The thought crossed my mind a few years ago that birds we typically regard as marine may have access to temporary supplies of fresh water from the surface of the sea after a tropical shower. Twice in the South Pacific I have been in the front of a Zodiac moving slowly from the shore to ship after a heavy downpour. I could see the interface between the sea and freshwater caused by the difference in refractive index (called, I see, the halocline). So I tasted the top of the surface layer to find not a trace of saltiness. That really made me wonder whether some of the petrels that nest on islands like Ducie and Henderson that lack freshwater, for example, could be using the freshwater forming a layer after rain and if they would seek out a storm in order to do so. If that proves to be the case remember that you read it here first!
But if marine birds could have access to transient supplies of fresh water from rain, what about those in the Arctic and Antarctic where fresh water ice melts in the sea during the summer. Were the Chinstrap, Gentoo and Adélie penguins I saw breeding on the Antarctic peninsula getting freshwater from melting glaciers and sea-ice?

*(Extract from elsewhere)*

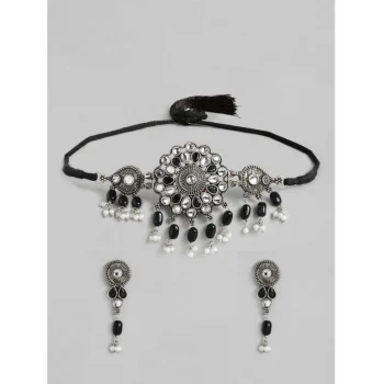 Generic Women’s Rose Gold Plated Alloy Necklace & Earings Set (Black)

Plenty more research to do then, physiological, ecological and at the interface between the two. Knut Schmidt-Nielsen would have been pleased.
Key References
Lillywhite, H.B., Sheehy, C.M., Brischoux, F., Grech, A. 2014. Pelagic sea snakes dehydrate at sea. Proceedings of the Royal Society B 281 20140119.
Lillywhite, H.B., Babonis, L.S., Sheehy, C.M., Tu, M.-C. 2008. Sea snakes (Laticauda spp.) require fresh drinking water: implication for the distribution and persistence of populations. Physiological and Biochemical Zoology 81, 785-796.
Dunson, W.A., Robinson, G.D. 1976. Sea snake skin: Permeable to water but not to sodium. Journal of Comparative Physiology 108, 303-311.
*Somebody noticed that the Pelamis platurus was incorrect in terms of the rules and latin grammar; platur should have had the feminine ending a and not the masculine ending us. So they changed the name to P platura and some authorities have foolishly followed this change. By all means get it right in the beginning but to change a name afterwards by such nitpicking can only lead to confusion and pull taxonomists and taxonomy even lower in the scientific pecking order.